Piyasaya Girilen Riskler

Uluslararası ticarete pazara giriş riskinin bir kısmı şöyledir:

Farklı pazara giriş yöntemlerinin en önemli özelliklerinden biri, firmanın uluslararası operasyonlara katılım düzeyidir. Bunun risk ve kontrol seviyeleri açısından önemli etkileri vardır ve şekil 5.3'de şematik olarak gösterilmiştir. Dört pazara giriş yöntemi kategorisi: dolaylı ve doğrudan pazara giriş, işbirliği ve doğrudan yatırım.

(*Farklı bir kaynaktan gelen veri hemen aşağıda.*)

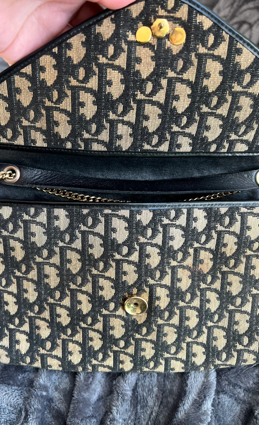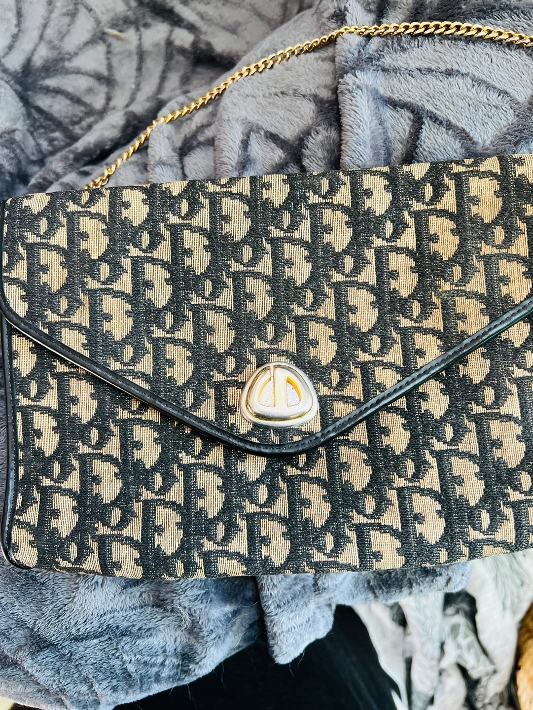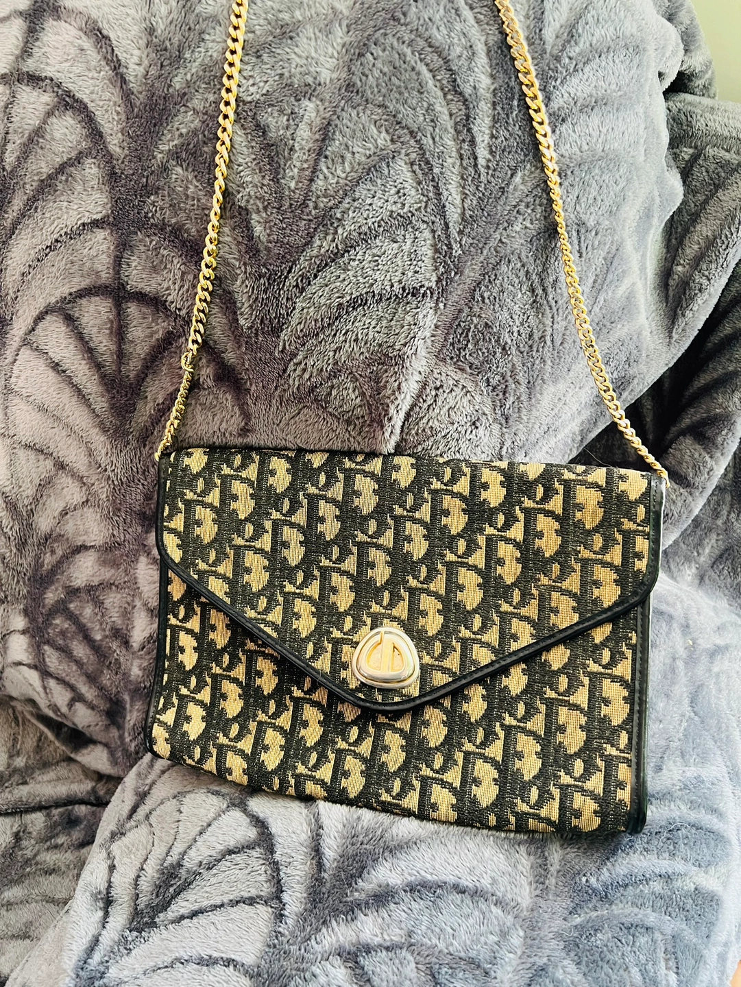 This vintage Christian Dior clutch handbag is a must-have for any fashion enthusiast. The monogrammed exterior and black lining give it a unique flair, while the gold hardware adds a touch of luxury. This clutch is perfect for any occasion and can hold all of your essentials. The snap closure keeps your belongings safe and secure. This clutch is pre-owned and has a few signs of wear, but it only adds to the vintage charm. It's a rare find from the 1970s and will make a great addition to your collection. The snap enclosure is finicky due to age and a dry cleaning will have it looking new. * smoke free home

Resim Nezaket: sos.co.in/product_image/5040/catalog/product/false&type=jpg

Alternatif yöntemlere kaynak sağlama maliyeti, genellikle katılım ve risk seviyelerine çok yakındır. Bununla birlikte, şema, yüksek katılım oranlarının, yabancı ülke pazarlama faaliyetleri üzerinde kontrol için daha fazla potansiyel yarattığını ve ayrıca genellikle yüksek yatırım maliyeti nedeniyle daha yüksek potansiyel risk getirdiğini göstermektedir. Uygulamada bu, çok basit bir işlemdir, çünkü ürünleri yurt içi satın alma yoluyla uluslararası pazarda pazarlanan firmalar, müşterilerinin başarı stratejisine tamamen güvendikleri için nedenini bilmeden, uluslararası pazarlardan gelen tüm gelirlerini kaybetme riski altındadır.

Ortak girişimler ve stratejik ittifaklar şeklindeki ortaklıklar, son birkaç yılda giderek daha yaygın hale gelmiştir, çünkü daha düşük risk ve maliyet seviyelerinde piyasaya girişlerde daha yüksek düzeyde kontrol sağlama avantajı sağladıkları düşünülmektedir. Şirketler arasında yüksek derecede işbirliği ve ortak şirketlerin bireysel hedeflerinin bağdaşmaz olması.

Bu nedenle pazara giriş konusunda karar verirken firmanın cevaplaması gereken en temel sorular şunlardır:

1) Uluslararası ticari faaliyetlerimiz üzerinde ne düzeyde bir kontrol istiyoruz?

2) Hangi seviyede risk almak istiyoruz?

3) Hangi masrafları karşılayabiliriz?

Bu soruları cevaplarken sadece kontrol, risk ve maliyet seviyesini değil, aynı zamanda firmanın pazarlama faaliyetinin farklı unsurlarına verebileceği göreceli önemi de dikkate almak önemlidir. Örneğin, üçüncü taraf yükleniciler tarafından sıklıkla gerçekleştirilen satış sonrası servis hizmetleri gibi pazarlama sürecinin belirli yönleri üzerinde kontrol eksikliği, tüketiciler bir distribütör yerine sık sık üreticiyi suçladığı için bir şirketin veya markanın itibarını ve imajını etkileyebilir veya aldıkları satış sonrası servis kalitesinin düşüklüğü konusunda perakendeci.